敦は強く打った尻をさすり見覚えのあるバイクを見つけた。

どうやらここは研究所の駐車場らしい。


 敦たちを追い出して一人になった盛山は不審者どもを睨み付けた。

「さぁて、厄介者の片付けでもするか」

盛山がボタンを押すと彼らの前に盛山型の風船が天井から落ちてきて急に空気が入った。男は逆上し銃を撃つと派手に破裂し、風圧で男たちは窓から吹き飛んだ。


 三人はバイクに乗り、銃を撃ってくる謎の黒塗りの高級車から全速力で逃げた。

にわか雨のように襲ってくる銃弾を器用にかわし、市街地に着いた。

こっちに向かって叫んでくる謎の男たちを敦は睨み付けた。

「バベル社の奴らか。雪子を取り返すだけでなんて物騒な」

「あの人たちはバベル社の人じゃないわ」

「だったらなんだよ。なんで俺たちを襲ってくるんだ」

すると銃弾がタイヤに当たりバイクが横転した。

「まずい、バイクは諦めて逃げるよ」

彼等はすぐに飛び降りて全速力で走った。エンジンがかかったままのバイクは電柱にぶつかりそのまま爆発した。

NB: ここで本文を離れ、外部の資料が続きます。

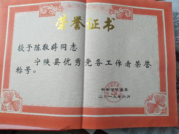 进入基层工作以来,陈敬婷以“党性最强、作风最正、工作出色”为具体要求,从思想上、作风上、能力上加强自身建设,恪尽职守、竭诚奉献、辛勤工作,高质量地完成了各项工作任务。曾荣获宁陕县优秀党务工作者、脱贫攻坚工作先进个人、年度考核优秀等多项表彰。
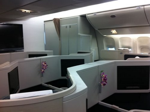 Il B777 – 300ER è un Boeing che per la Businnes Class non solo offre Champagne, ma anche cibo prelibato e per la classe economica ha i sedili che diventano una specie di letto, una vera gioia per il passeggero.
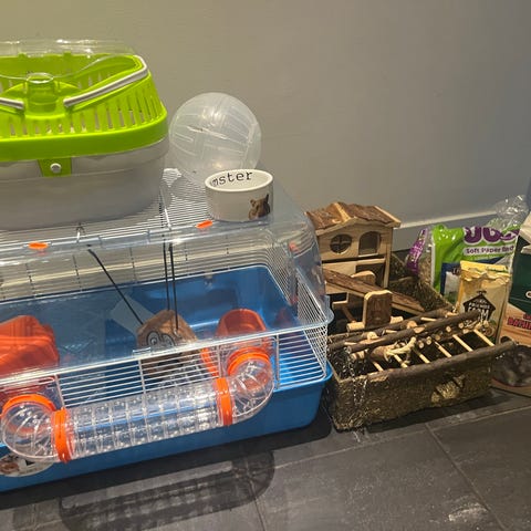 Hamsterbur i tre våningar med flera tillbehör inklusive hjul, tunnlar, trappor, små hus, leksaker, liten transportbur, komplett lekhage med sektioner av galler. Jättefint skick och allt är väl rengjort.
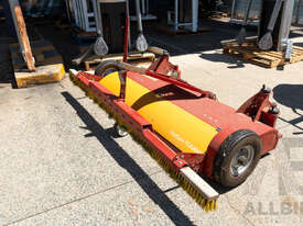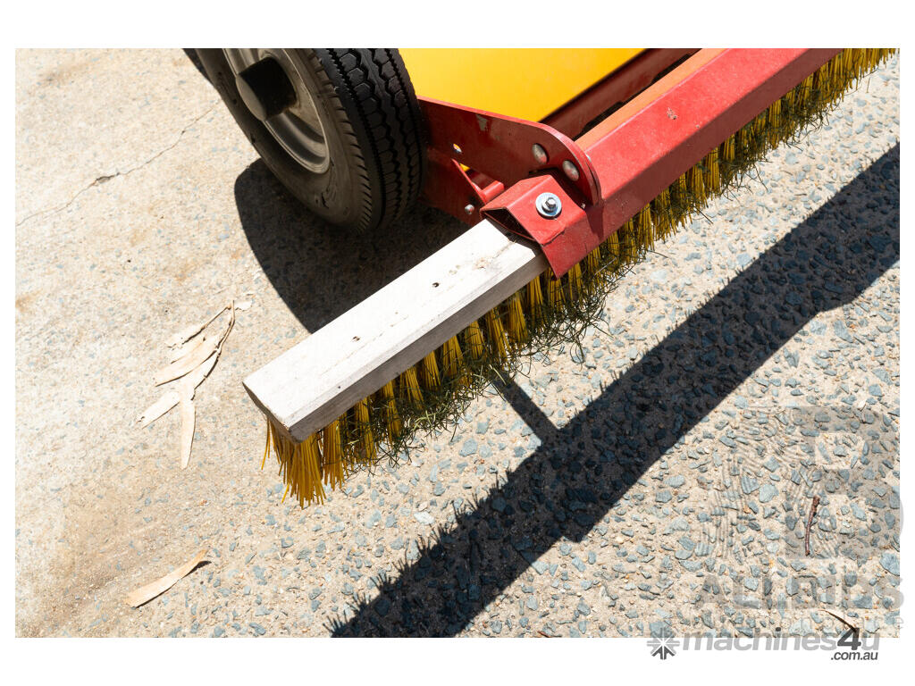 Ground-driven, tow-behind device for the cleaning and care of artificial turf.
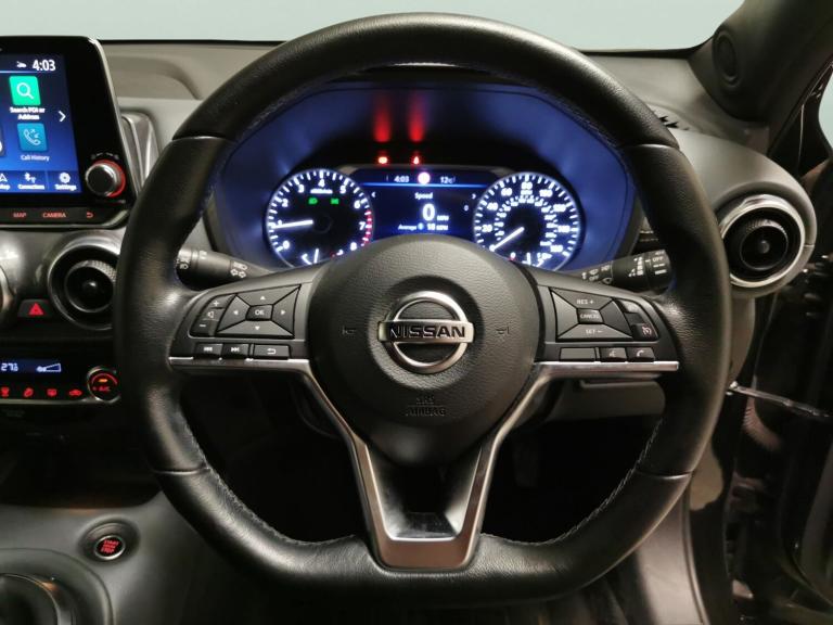 Step into style with this black Nissan Juke. Enjoy seamless connectivity with Apple CarPlay and onboard wifi, while LED headlights help you stand out day or night. Intelligent Lane Intervention and Lane Departure Warning add extra safety, and cruise control makes every journey a breeze. You'll appreciate the comfort of climate control and the modern look of 17in alloy wheels. Stay connected and confident wherever you go with this smart, sleek SUV. 2 services recorded, last serviced on 20/11/2025 at 37,380 miles. MOT to 30/03/2026. Visit our website for service history, online valuation, full vehicle specification plus multiple images. Any feature/option specified here is from 3rd party data. We cannot guarantee the accuracy of any specification supplied by a 3rd party. We recommend that you physically check the specification of the vehicle on site prior to purchase. This information does not form part of the buying contract. Terms & Conditions apply. We have over 2,000 cars available from our 10 national branches, check our website to see all our stock. Our Trustpilot rating is 4.4/5 with over 9,000 reviews.
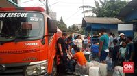 Pantauan di lokasi menunjukkan warga terpaksa mengantre untuk bisa mendapatkan air bersih dari mobil tangki yang disediakan dengan menggunakan ember hingga galon.
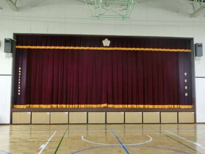 旧北沢小学校、現在の仮校舎の緞帳は、だいぶ古く、
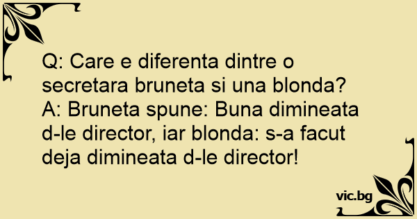A: Bruneta spune: Buna dimineata d-le director, iar blonda: s-a facut deja dimineata d-le director!

三人は商店街でやっている青空市場の間を無理矢理通り、それでも追いかけて銃を乱射する軍団に一般人は逃げ惑った。

辺りが混乱している中、昼間から一升瓶を開けて呑気に酒を呑んでいる老人を見つけ敦は話しかけた。

「すみません、銃を持った奴らに追われているんです。どこか安全な場所はないのですか?」

鼻の頭を真っ赤にした酔っぱらいが涎を拭ってシャッターが閉まった店の方を指差した。

「銃持った奴に狙われるなんざこいつはおもしれぇ。おい坊、この中に隠れな。強ェ奴がいるからよ」

敦は礼を言って三人はシャッターの中に潜り込んだ。

元は自転車屋だったらしく、がらくた以外何もない部屋一面に油臭さが漂っていた。

「おい、誰だ」

肩から指先まで刺青だらけの大男が裏口の扉から現れた。男は海賊のような眼帯をしてそこから火傷のような傷が見え隠れした。